An air traffic controller observes two airplanes approaching the airport. The displacement from the control tower to plane 1 is given by the vector A , which has a magnitude of 220 km and points in a direction 32 degrees north of west. The displacement from the control tower to plane 2 is given by the vector B , which has a magnitude of 140 km and points 65 degrees east of north.sketch the vectors A, B and D=A-B.Notice that vector D is the displacement from plane 2 to plane 1. Find the direction and magnitude of vector D.
Student of upng can you help me please
To sketch the vectors A, B, and D, first, draw a coordinate system with the control tower at the origin.
Vector A has a magnitude of 220 km and points 32 degrees north of west. To draw it, start at the origin and draw a line in the direction 32 degrees north of west for a length of 220 km.
Vector B has a magnitude of 140 km and points 65 degrees east of north. To draw it, start at the origin and draw a line in the direction 65 degrees east of north for a length of 140 km.
To find vector D, which is the displacement from plane 2 to plane 1, subtract vector B from vector A. To do this, place the tail of vector B at the head of vector A. The resulting vector D starts from the tail of B and ends at the head of A.
Now, to find the magnitude and direction of vector D:
Magnitude of vector D can be found by finding the difference between the magnitudes of vectors A and B:
|D| = |A| - |B|
= 220 km - 140 km
= 80 km
The direction of vector D can be found by finding the angle it makes with the positive x-axis (east) in a counterclockwise direction:
θ = arctan(Dy / Dx)
Here, Dx is the x-component of vector D, and Dy is the y-component of vector D.
By calculating the x and y components of vector D, we get:
Dx = Ax - Bx
= 220 km * cos(32°) - 140 km * sin(65°)
= 98.753 km
Dy = Ay - By
= 220 km * sin(32°) + 140 km * cos(65°)
= 222.373 km
Now, substitute the values in the formula to find the direction of vector D:
θ = arctan(222.373 km / 98.753 km)
= 66.5°
So, the direction of vector D is 66.5 degrees counterclockwise from the positive x-axis (east), which means it points in the direction 66.5 degrees north of east.
Therefore, the magnitude of vector D is 80 km, and its direction is 66.5 degrees north of east.
To sketch the vectors A and B, we need to create a coordinate system with the control tower as the origin. The direction is labeled with respect to two reference directions - north and west.
First, draw a line in the northwest direction representing vector A. The length of this line will be 220 km.

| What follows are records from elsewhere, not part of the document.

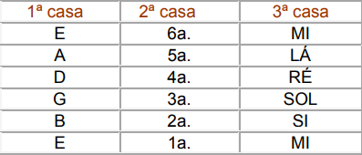 Braço do Violão e suas Notas Correspondentes:
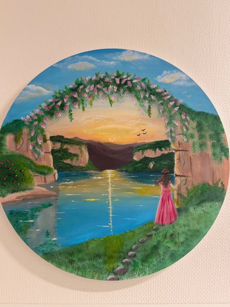 Hand målning med en kvinna i en rosa klänning som står vid en sjö med berg i bakgrunden. En blomsterbåge ramar in solnedgången över vattnet.
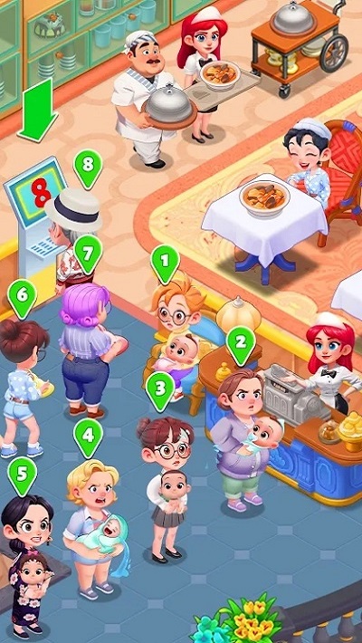游戏中将呈现一系列流程。您还可以升级服务员和厨师,使他们更有效率和更快;升级菜肴,使食物更美味;

The angle 32 degrees north of west tells us that vector A points in a direction between west and north.
Next, draw a line in the east-north direction representing vector B. The length of this line will be 140 km. The angle 65 degrees east of north tells us that vector B points in a direction between north and east.
Now, to find vector D, subtract vector B from vector A by subtracting the corresponding components. We subtract the x-components and the y-components separately. The x-component of vector A is 220 km * cos(32 degrees) in the negative x-direction (west). The y-component of vector A is 220 km * sin(32 degrees) in the positive y-direction (north). Similarly, the x-component of vector B is 140 km * sin(65 degrees) in the positive x-direction (east), and the y-component of vector B is 140 km * cos(65 degrees) in the positive y-direction. Subtracting the corresponding components, we get the x-component and y-component of vector D.

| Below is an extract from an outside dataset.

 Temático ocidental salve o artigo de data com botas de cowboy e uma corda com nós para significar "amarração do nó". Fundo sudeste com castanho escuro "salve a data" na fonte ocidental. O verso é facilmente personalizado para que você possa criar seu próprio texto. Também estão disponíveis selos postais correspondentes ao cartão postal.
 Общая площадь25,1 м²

To find the magnitude and direction of vector D, we can use the Pythagorean theorem and trigonometry. The magnitude is given by the square root of the sum of squares of the x and y components. The direction is given by the angle between vector D and the positive x-axis.
Once we have the x and y components of vector D, we can calculate the magnitude as follows:
Magnitude of D = sqrt((xD^2) + (yD^2))
To find the direction, we can use the inverse tangent (arctan) function:
Direction of D = arctan(yD / xD)
Performing these calculations will give us the direction and magnitude of vector D, which represents the displacement from plane 2 to plane 1.